Each entry is to be given again precisely, and no picture may be carried over.
▼
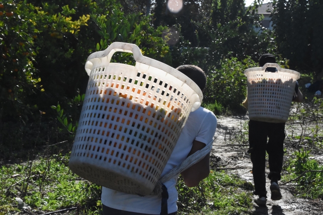 Derge, "Sabah 05.00'te kalkıyoruz, saat 07.00'de işe başlıyoruz. Bahçede kesim yapıyoruz. Bahçemiz güzel olursa, kasamız bol çıkıyor. Ekmek paramızı böyle kazanıyoruz. 7- 8 ay mandalina kesmek için bu ayları bekliyoruz. Çoluk çocuğumuzla geliyoruz, çalışıyoruz" ifadelerini kullandı.
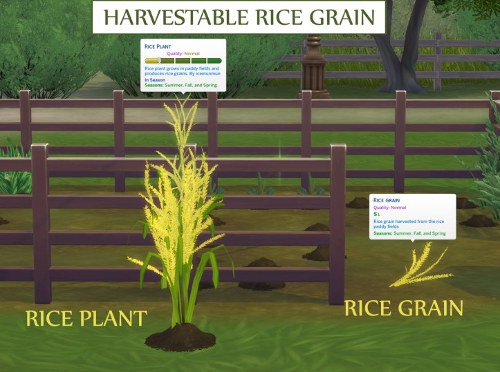 Adds harvestable rice grain and rice plant to the game
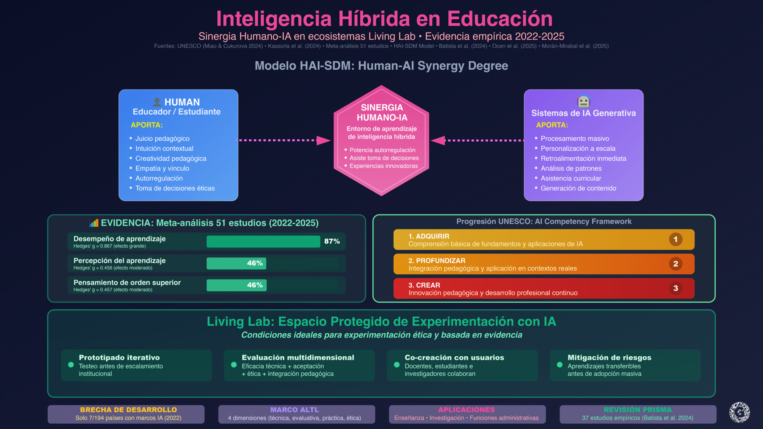 El modelo Human-AI Synergy Degree (HAI-SDM), propuesto en Humanities and Social Sciences Communications (2025), conceptualiza la colaboración humano-IA en entornos de aprendizaje híbrido. Los hallazgos indican que la IA potencia el aprendizaje autorregulado de los estudiantes y asiste en la gestión curricular y toma de decisiones informada. La integración crea lo que los autores denominan “entornos de aprendizaje de inteligencia híbrida”, concepto que resuena con la visión de Living Labs como espacios donde múltiples formas de inteligencia —humana y artificial— colaboran en la producción de conocimiento.
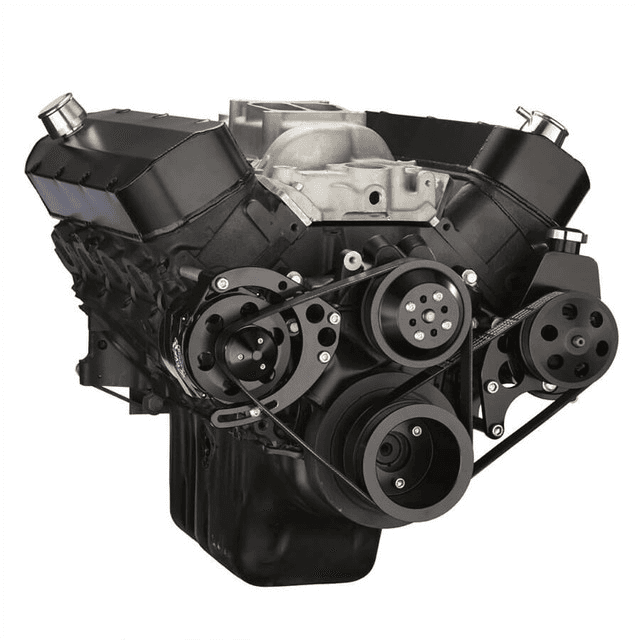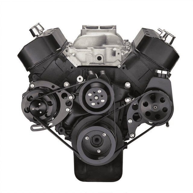 The BEAST 8 Track Serpentine System for Big Block Chevy engines with Power Steering and Alternator. Unique 8 Rib Serpentine pulley design increases grip, reduces stretching and prevents belt slippage when compared to traditional 6 Rib designs. Mounts Saginaw P Series Power Steering pump low on driver side and puts alternator on the passenger side in a mid-mount configuration. Uses standard Chevy long water pump.
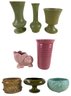 Hairline crack noted on the green footed McCoy Floraline planter.
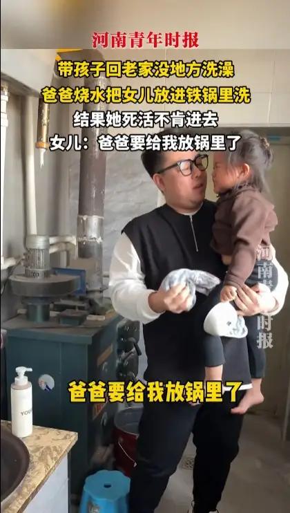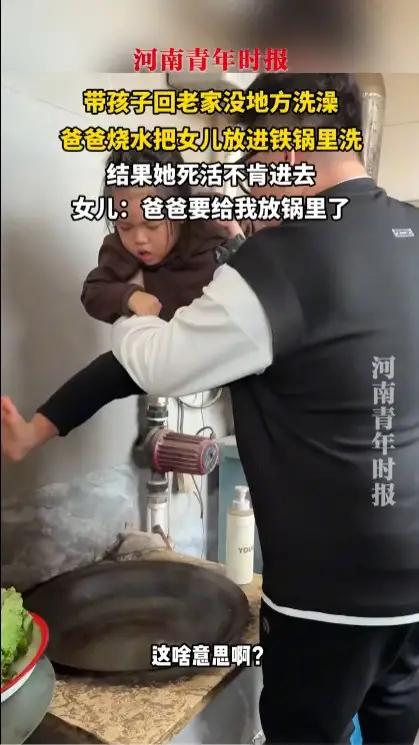父女铁锅洗澡视频引热议,真相竟是摆拍?背后原因让人哭笑不得。有观点称这是夫妻故意摆拍,目的是吓唬女儿,同时博取流量关注。 过去东北农村天冷,不少人会在家烧热水,让孩子站在锅里洗澡取暖,现在的孩子没经历过,容易误会。视频里的家庭墙上有取暖炉,父女穿着单薄,室内温度不低,孩子还穿着毛衣毛裤,显然不是真洗澡,当个乐子看就好。 网友评论 这不就是妥妥的摆拍嘛,为了点流量啥招都想得出来。 笑死,现在的小孩哪见过这阵仗,不得以为爸妈要把自己炖了。 想起小时候在老家,冬天洗澡真的蹲过大铁锅,满满的回忆啊。 有取暖炉还搞这出,纯属博眼球,没啥意思。 人家就是拍个搞笑视频,没必要上纲上线,看个乐呵得了。 这爸妈也太会整活了,换我家孩子得吓哭。
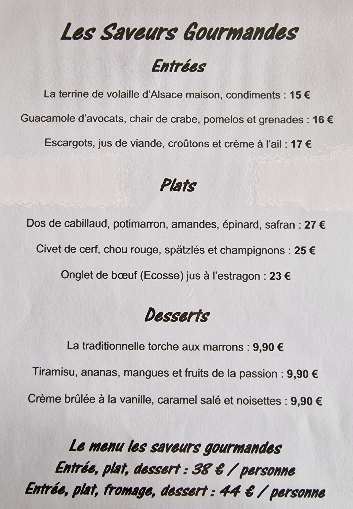 Nous avons pris le menu du jour. Très bon rapport qualité/prix. Enfin du vrai fait maison ! Très bon, je recommande vivement. Si je retourne à Colmar, je goûterai les plats à la carte qui avaient l'air succulents.
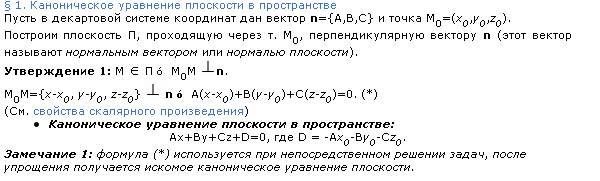 задает плоскость, и наоборот: всякая плоскость может быть представлена уравнением (3.1), которое называется уравнением плоскости.
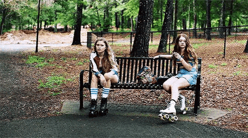 Content Description: two girls are sitting on a bench in a park with roller skates .
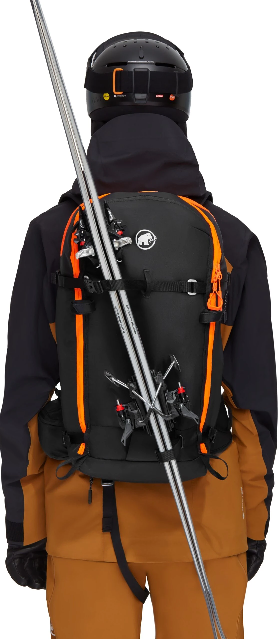 Komfortabel, mellomstor skredsekk med Mammuts uttakbare Removable Airbag System 3.0 som utløses med gasspatron. Sekken er lett og har alt du forventer av en skredryggsekk. Removable Airbag System 3.0 er pålitelig, solid og av de letteste på markedet, og kan brukes i andre skredsekker i Mammut-serien om du har behov for mer plass i sekken eller ønsker en mindre sekk. Stor hesteskoformet glidelås gir deg enkelt tilgang til sekkerommet. Oppbevar sikkerhetsutstyret i det separate oransje rommet med høy synlighet. For å toppe det hele har sekken nyttige funksjoner som hjelmholder, sidekompresjonsstropper og løkker for staver og isøks.
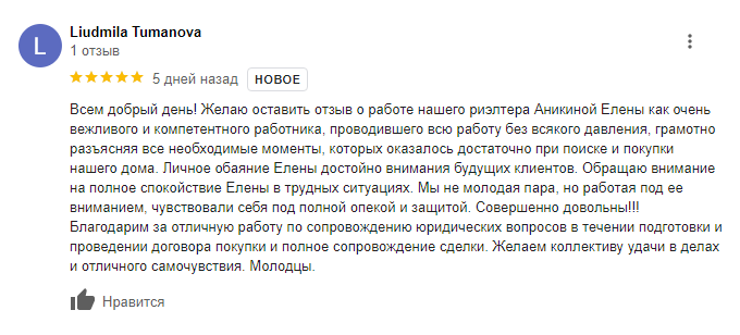 ЗаботаВсем добрый день! Желаю оставить отзыв о работе нашего риэлтера Аникиной Елены как очень вежливого и компетентного работника, проводившего всю работу без всякого давления, грамотно разъясняя все необходимые моменты, которых оказалось достаточно при поиске и покупки нашего дома.
▲
* Exercise response:
 Derge, "Sabah 05.00'te kalkıyoruz, saat 07.00'de işe başlıyoruz. Bahçede kesim yapıyoruz. Bahçemiz güzel olursa, kasamız bol çıkıyor. Ekmek paramızı böyle kazanıyoruz. 7- 8 ay mandalina kesmek için bu ayları bekliyoruz. Çoluk çocuğumuzla geliyoruz, çalışıyoruz" ifadelerini kullandı.
 Adds harvestable rice grain and rice plant to the game
 El modelo Human-AI Synergy Degree (HAI-SDM), propuesto en Humanities and Social Sciences Communications (2025), conceptualiza la colaboración humano-IA en entornos de aprendizaje híbrido. Los hallazgos indican que la IA potencia el aprendizaje autorregulado de los estudiantes y asiste en la gestión curricular y toma de decisiones informada. La integración crea lo que los autores denominan “entornos de aprendizaje de inteligencia híbrida”, concepto que resuena con la visión de Living Labs como espacios donde múltiples formas de inteligencia —humana y artificial— colaboran en la producción de conocimiento.
 The BEAST 8 Track Serpentine System for Big Block Chevy engines with Power Steering and Alternator. Unique 8 Rib Serpentine pulley design increases grip, reduces stretching and prevents belt slippage when compared to traditional 6 Rib designs. Mounts Saginaw P Series Power Steering pump low on driver side and puts alternator on the passenger side in a mid-mount configuration. Uses standard Chevy long water pump.
 Hairline crack noted on the green footed McCoy Floraline planter.
父女铁锅洗澡视频引热议,真相竟是摆拍?背后原因让人哭笑不得。有观点称这是夫妻故意摆拍,目的是吓唬女儿,同时博取流量关注。 过去东北农村天冷,不少人会在家烧热水,让孩子站在锅里洗澡取暖,现在的孩子没经历过,容易误会。视频里的家庭墙上有取暖炉,父女穿着单薄,室内温度不低,孩子还穿着毛衣毛裤,显然不是真洗澡,当个乐子看就好。 网友评论 这不就是妥妥的摆拍嘛,为了点流量啥招都想得出来。 笑死,现在的小孩哪见过这阵仗,不得以为爸妈要把自己炖了。 想起小时候在老家,冬天洗澡真的蹲过大铁锅,满满的回忆啊。 有取暖炉还搞这出,纯属博眼球,没啥意思。 人家就是拍个搞笑视频,没必要上纲上线,看个乐呵得了。 这爸妈也太会整活了,换我家孩子得吓哭。
 Nous avons pris le menu du jour. Très bon rapport qualité/prix. Enfin du vrai fait maison ! Très bon, je recommande vivement. Si je retourne à Colmar, je goûterai les plats à la carte qui avaient l'air succulents.
 задает плоскость, и наоборот: всякая плоскость может быть представлена уравнением (3.1), которое называется уравнением плоскости.
 Content Description: two girls are sitting on a bench in a park with roller skates .
 Komfortabel, mellomstor skredsekk med Mammuts uttakbare Removable Airbag System 3.0 som utløses med gasspatron. Sekken er lett og har alt du forventer av en skredryggsekk. Removable Airbag System 3.0 er pålitelig, solid og av de letteste på markedet, og kan brukes i andre skredsekker i Mammut-serien om du har behov for mer plass i sekken eller ønsker en mindre sekk. Stor hesteskoformet glidelås gir deg enkelt tilgang til sekkerommet. Oppbevar sikkerhetsutstyret i det separate oransje rommet med høy synlighet. For å toppe det hele har sekken nyttige funksjoner som hjelmholder, sidekompresjonsstropper og løkker for staver og isøks.
 ЗаботаВсем добрый день! Желаю оставить отзыв о работе нашего риэлтера Аникиной Елены как очень вежливого и компетентного работника, проводившего всю работу без всякого давления, грамотно разъясняя все необходимые моменты, которых оказалось достаточно при поиске и покупки нашего дома.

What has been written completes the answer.